Very quietly, Giller said: “You would have stuck around if you’d farmed there. If your family had farmed there for over a century. It’s different from running a drug store. Drug stores are the same everywhere in the world.”

“So are farms.”

“No,” Giller said dispassionately. “Your land, your family’s land, has a unique feeling. We’ll keep on camping there until we’re dead or until you decide to reclaim.” Mechanically collecting the checks, he finished: “I’m sorry for you, Paul. You never had roots like we have. And I’m sorry you can’t be made to understand.” As he reached into his coat for his wallet, he asked: “When can you fly out there?”

“Fly!” Sharp echoed, shuddering. “I’m not flying anywhere.”

“You’ve got to see the town again.

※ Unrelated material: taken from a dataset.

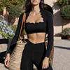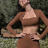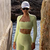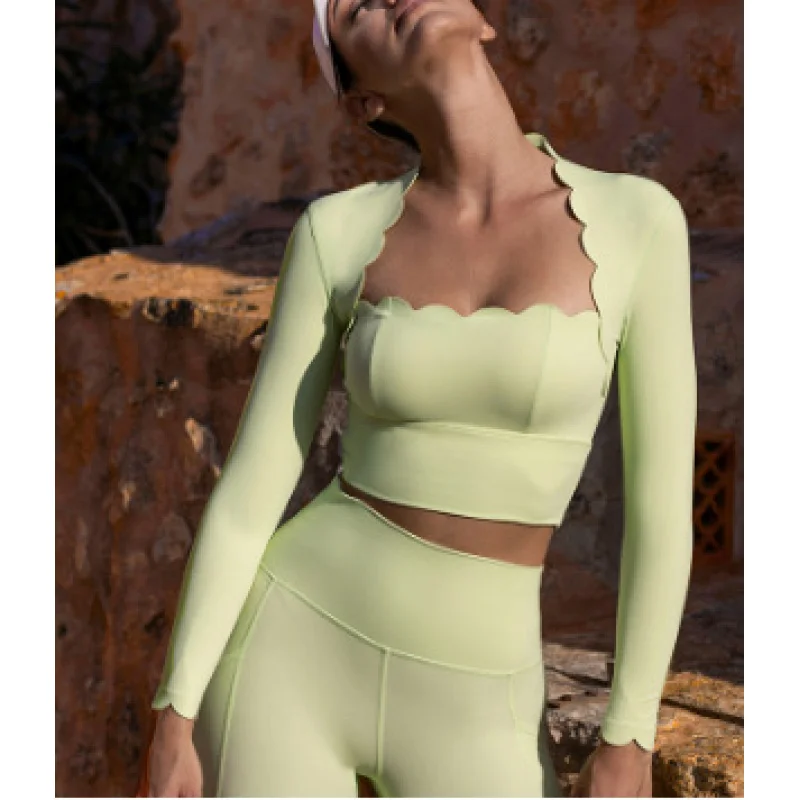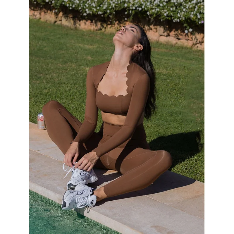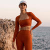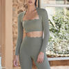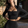Black Square Neck Yoga Long Sleeve Compression Top And High Elastic Workout Leggings JKP7350

You can’t decide without having seen those people, seen how they’re living.”

“No,” Sharp said emphatically. “I’m not flying out there. I can decide on the basis of reports.”

Giller considered. “You’ll come,” he declared.

“Over my dead body!”

Giller nodded. “Maybe so. But you’re going to come. You can’t let us die without looking at us. You’ve got to have the courage to see what it is you’re doing.” He got out a pocket calendar and scratched a mark by one of the dates. Tossing it across the table to Sharp, he informed him: “We’ll come by your office and pick you up. We have the plane we flew down here. It’s mine. It’s a sweet ship.”

Trembling, Sharp examined the calendar. And, standing over his mumbling, supine patient, so did Humphrys.

He had been right. Sharp’s traumatic incident, the repressed material, didn’t lie in the past.

Sharp was suffering from a phobia based on an event six months in the future.